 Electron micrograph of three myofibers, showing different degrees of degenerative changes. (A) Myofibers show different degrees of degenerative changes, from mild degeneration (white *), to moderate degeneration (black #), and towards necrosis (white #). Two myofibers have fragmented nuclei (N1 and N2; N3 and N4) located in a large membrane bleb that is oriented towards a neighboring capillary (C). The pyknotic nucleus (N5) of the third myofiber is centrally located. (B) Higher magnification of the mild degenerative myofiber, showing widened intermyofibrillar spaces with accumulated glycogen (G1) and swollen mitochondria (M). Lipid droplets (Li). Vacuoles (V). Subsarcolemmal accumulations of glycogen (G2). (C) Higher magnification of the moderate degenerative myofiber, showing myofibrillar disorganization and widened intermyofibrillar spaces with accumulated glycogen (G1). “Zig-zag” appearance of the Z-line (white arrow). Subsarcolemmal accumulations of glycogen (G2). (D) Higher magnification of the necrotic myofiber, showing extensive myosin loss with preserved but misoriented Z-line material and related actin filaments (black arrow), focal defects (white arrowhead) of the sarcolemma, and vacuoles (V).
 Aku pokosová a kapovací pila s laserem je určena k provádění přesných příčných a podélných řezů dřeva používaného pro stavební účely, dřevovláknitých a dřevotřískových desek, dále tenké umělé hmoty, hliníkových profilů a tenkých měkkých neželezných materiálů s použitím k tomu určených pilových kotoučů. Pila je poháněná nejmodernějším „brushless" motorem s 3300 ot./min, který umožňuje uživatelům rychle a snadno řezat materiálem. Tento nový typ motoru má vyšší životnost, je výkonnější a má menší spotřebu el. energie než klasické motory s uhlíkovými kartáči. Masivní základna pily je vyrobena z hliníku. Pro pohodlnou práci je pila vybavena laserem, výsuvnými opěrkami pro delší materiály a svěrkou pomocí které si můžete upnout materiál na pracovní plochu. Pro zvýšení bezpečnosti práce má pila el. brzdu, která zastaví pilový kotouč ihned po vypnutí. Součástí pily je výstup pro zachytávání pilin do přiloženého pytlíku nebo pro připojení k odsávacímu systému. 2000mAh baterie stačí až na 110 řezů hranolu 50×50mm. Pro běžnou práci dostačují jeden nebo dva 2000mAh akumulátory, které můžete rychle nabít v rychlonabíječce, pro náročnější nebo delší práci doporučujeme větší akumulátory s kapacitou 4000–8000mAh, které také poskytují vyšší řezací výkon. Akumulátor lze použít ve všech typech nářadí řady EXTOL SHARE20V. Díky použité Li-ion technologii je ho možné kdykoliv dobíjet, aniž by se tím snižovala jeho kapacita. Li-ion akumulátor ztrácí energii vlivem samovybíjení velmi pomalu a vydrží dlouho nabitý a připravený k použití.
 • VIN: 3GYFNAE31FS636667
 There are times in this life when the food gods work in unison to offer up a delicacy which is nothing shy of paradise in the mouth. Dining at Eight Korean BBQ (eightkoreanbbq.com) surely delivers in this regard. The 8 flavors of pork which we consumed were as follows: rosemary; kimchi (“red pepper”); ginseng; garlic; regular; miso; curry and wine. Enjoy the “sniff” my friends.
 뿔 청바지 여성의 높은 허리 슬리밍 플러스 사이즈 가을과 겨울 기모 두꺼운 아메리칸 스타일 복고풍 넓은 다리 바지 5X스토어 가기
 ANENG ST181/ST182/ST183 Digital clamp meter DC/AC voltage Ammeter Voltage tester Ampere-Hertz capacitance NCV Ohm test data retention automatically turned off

Exercise details
The line containing "뿔 청바지 여성의 높은" and every line after it, through the end of the records, should be repeated exactly and alone.

Answer box
 뿔 청바지 여성의 높은 허리 슬리밍 플러스 사이즈 가을과 겨울 기모 두꺼운 아메리칸 스타일 복고풍 넓은 다리 바지 5X스토어 가기
 ANENG ST181/ST182/ST183 Digital clamp meter DC/AC voltage Ammeter Voltage tester Ampere-Hertz capacitance NCV Ohm test data retention automatically turned off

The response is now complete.